Alan Turing was born on 23 June 1912 and without out any doubt was directly responsibile for the development of computers as a member of the Bletchley Park codebreaking team during WW2. It is a measure of the international respect for Turing that in the USA the most prestigious technical award of the Association for Computing Machinery is the A.M.Turing Award. There is an excellent book on the development of Colossus by Jack Copeland and Thomas Flowers, details of which can be found on the web site about the book and the work undertaken at Bletchley Park. At the end of the war the work of Bletchley Park turned into one of the best kept secrets of all time, only gradually being revealed in the mid-1970s. Details of the Colossus computer only started to emerge in 1983 but the full story did not become public until 2000 when a report written in 1945 on how the German Tunny code was broken using Colossus was released by the UK Public Records Office.
The extent of the secrecy was undoubtedly a contributory factor in the UK failing to develop a significant computer industry because the people with the skills to have further developed the technology went back to their positions in universities and Government service. Another skill that was lost was of how to manage and analysis very large amounts of information. A decrypt might have been about the movement of a German Army battalion, but without details of the battalion and where it was currently stationed no useful intelligence could have been passed on to field commanders. A novel means of tracking this information was developed, with simple message record cards supplemented by the use of optical coincidence cards with 10,000 potential hole positions. Every message card was sequentially numbered and this number punched through on a 10,000 hole card, one card for each term marked up on the message card In effect each optical card was an inverted index, the basis of modern search technology. By putting a number of cards together and looking for the bright spots of light where there were common index cards enabled intelligence staff to find details of perhaps four divisions that all seem to have battalion headquaters in the same city. When I started my career in the 1970s this type of card index was widely used but no-one seemed to know where the idea came from! The patience needed to punch the holes accurately was enormous.

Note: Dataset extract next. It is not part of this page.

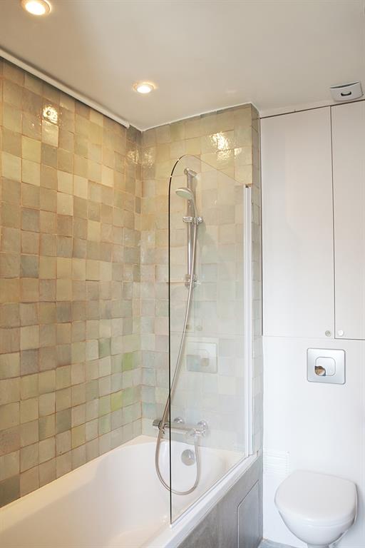 Petite salle d'eau optimisée avec toilettes. 1,57cm de large sur 2,2m de long. La douche s'inscrit entre deux colonnes technique et le mur des toilettes. les rangements sont intégrés au bâti avec un petit lavabo peu profond dans l'alignement.

The information gleaned from this analysis was forwarded to field commanders by staff specially trained in being able to provide a sense of the accuracy of the information without giving too much away about where it came from. Not all commanders were aware of Enigma! These skills are exactly those of information scientists and other information professionals, but again the skills were not taught to a post-war generation of students by the people who had been directly involved with the Enigma decoding because of the very high degree of secrecy. If they had been then perhaps the development of the principles and practices of information management could well have started much early than it did, with information science really only gaining momentum in the 1960s. If it had started ten years earlier perhaps we might have been able to find better solutions to the problems we face every day in managing more information that we can possibly hope to read, analyse, consider and act upon.